Guidelines for a Successful DMV Hearing After a DUI

The right to a DMV hearing is written in both Federal and State Constitutions: individuals cannot have property taken from them without due process of law. Drivers are thus lawfully entitled to a DMV hearing prior to having their driving privilege taken or suspended, regardless of whether or not they must also appear in court for a criminal trial. If you have been wrongly arrested of DUI, you should request a DMV hearing to attempt to increase the chances that your record may remain clear and that a fee for license reinstatement may be avoided.

It is important to note that a DMV hearing handles the conditions regarding an arrest for DUI. It is not required after a DUI arrest, however, and is separate from a criminal court hearing. A court trial instead addresses whether or not you committed a criminal act.

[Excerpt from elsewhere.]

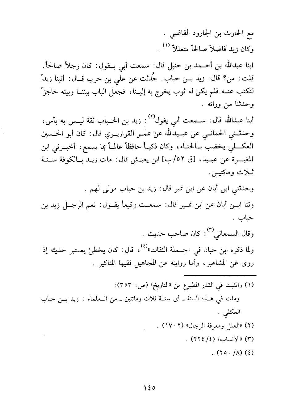 أبنا عبد الله قال: سمعت أبي يقول: زيد بن الحباب ثقة ليس به بأس، وحدثني الحماني عن عبيد الله عن عمر القواريري قال: كان أبو الحسين العكلي يخضب بالحناء، وكان ذكيا حافظا عالما بما يسمع، أخبرني ابن المغيرة عن عبيد، [ق 52 / ب] ابن يعيش قال: مات زيد بالكوفة سنة ثلاث ومائتين.

The hearing must be requested right away following a DUI arrest, and you only are allowed 10 days to do so. Otherwise, your license will be suspended automatically within 30 days after the arrest date. Being prompt regarding this matter has several benefits for drivers who may have been wrongfully arrested: it can provide more time, it can act as an opportunity to avoid ABS suspension prior to the trial, and there may be a higher chance of keeping your license if you win.

The following points may be helpful for those seeking to win a DMV hearing following a DUI arrest.

Guideline #1: Review the evidence against your case

Requesting discovery from the DMV should be done right away in writing, as they are lawfully required to share evidence with you. Your recorded blood alcohol levels and the arrest report should be shared along with any other proof that the DMV may present in court.

Guideline #2: Request to have the arresting officer present

It may be worthwhile to pay a fee (typically $275) to have the law enforcement officer present to answer further questions or to locate any weak points in the investigation if you believe that you may have been wrongfully arrested.

Guideline #3: Consider collecting new evidence

The crime lab and police agency may be subpoenaed to establish support against the sources that the DMV will use in court. Drivers who had their blood tested can have all chromatography and lab results summoned, in addition to miscellaneous data regarding the maintenance history and overall performance of the machines that conducted the breath or blood tests to see if they were working properly at the time of the test. Under circumstances where the equipment was faulty or the results were skewed, a forensic toxicologist can testify regarding the inaccuracy of the test.

A hearing can be requested at your local DMV Driver Safety Office. Since it can be a severe and sometimes unwarranted punishment to have your driver’s license taken, it is important to keep it intact under circumstances especially when rights may have been violated.